The man shook his head. “Who did this?”

“We don’t know,” Vinnie said. “We know a man named Gannon was involved. That’s all.”

“No. No, that’s not good enough. You hear me? That’s not fucking good enough. My brother is dead. And I want to know why.”

“So do I,” Vinnie said. His voice was even, his eyes clear. There was a supernatural calm all over him, and it was scaring the hell out of me.

“So talk,” the man said. “Tell me what you know about this. You gotta know something. You were up there, weren’t you? Were you involved in this? Was this something you and your Indian brother did?”

“No,” Vinnie said. “We didn’t. And you can stop talking like that. If you want to kill us, go ahead. After what we’ve been through, I don’t even care anymore. Go ahead and put a bullet in my head if you want, but stop talking about my brother that way.”

That threw him a little bit. His eyes got wider, and I was sure he was about to do something stupid. It was a good time to speak up.

“We found him,” I said. “We found your brother.”

He looked over the truck bed at me. “Where?”

“Out in the woods. Where Gannon had buried him, along with the others.”

He took a few hard breaths. Everything else was still, all around us. “You found Red?”

“That man you’re holding on to, you see the bandages on his face?”

“Yeah?”

“Gannon shot him. He blew part of his ear right off.”

He looked closer. “Okay. Then what?”

If I was gonna do this, I had to sell it all the way. It seemed like our only way out. “You wanna know what this man did to Gannon? You wanna hear what this man did to the man who killed your brother?”

“Yes, I wanna hear it.”

“He took a long, heavy stick,” I said, “and he sharpened it. I distracted Gannon, so Vinnie could sneak up behind him. We didn’t have any other weapons. You understand what I’m saying? All we had were sticks.”

“Go on.”

“While Gannon was shooting at me, Vinnie came up behind him and ran that stick right through his back. If he had gotten him in the heart, he would have died almost immediately, but that’s not the way it happened.”

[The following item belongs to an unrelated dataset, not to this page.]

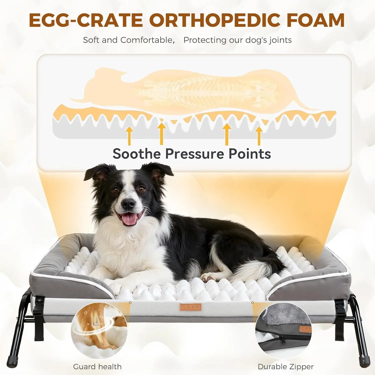 ·Orthopedic Egg-Crate Foam for Joint Support - The 4.7-inch thick egg-crate orthopedic foam evenly distributes your dog’s weight, reducing pressure on hips and joints—ideal for senior dogs or pups with joint issues. The foam is rated 6.8 on the hardness scale for optimal comfort and support.

“How did it go?” he said. “Tell me.”

“The stick must have gone through his lung. The blood was such a bright color. He was pumping that blood right out of his lungs, all over the ground.”

“How long did it take him to die?”

“A long time,” I said. “He was bleeding on that ground for a long, long time.”

“Were his eyes open? Did he say anything to you?”

“His eyes were open. He tried to say something, but he couldn’t. He was drowning in his own blood. He was choking on it.”

There were tears in the man’s eyes. “You’re telling me this man killed the man who killed my brother.”

“Yes,” I said. “He ran a stick through his chest and he died a horrible, painful death. That’s what this man did.”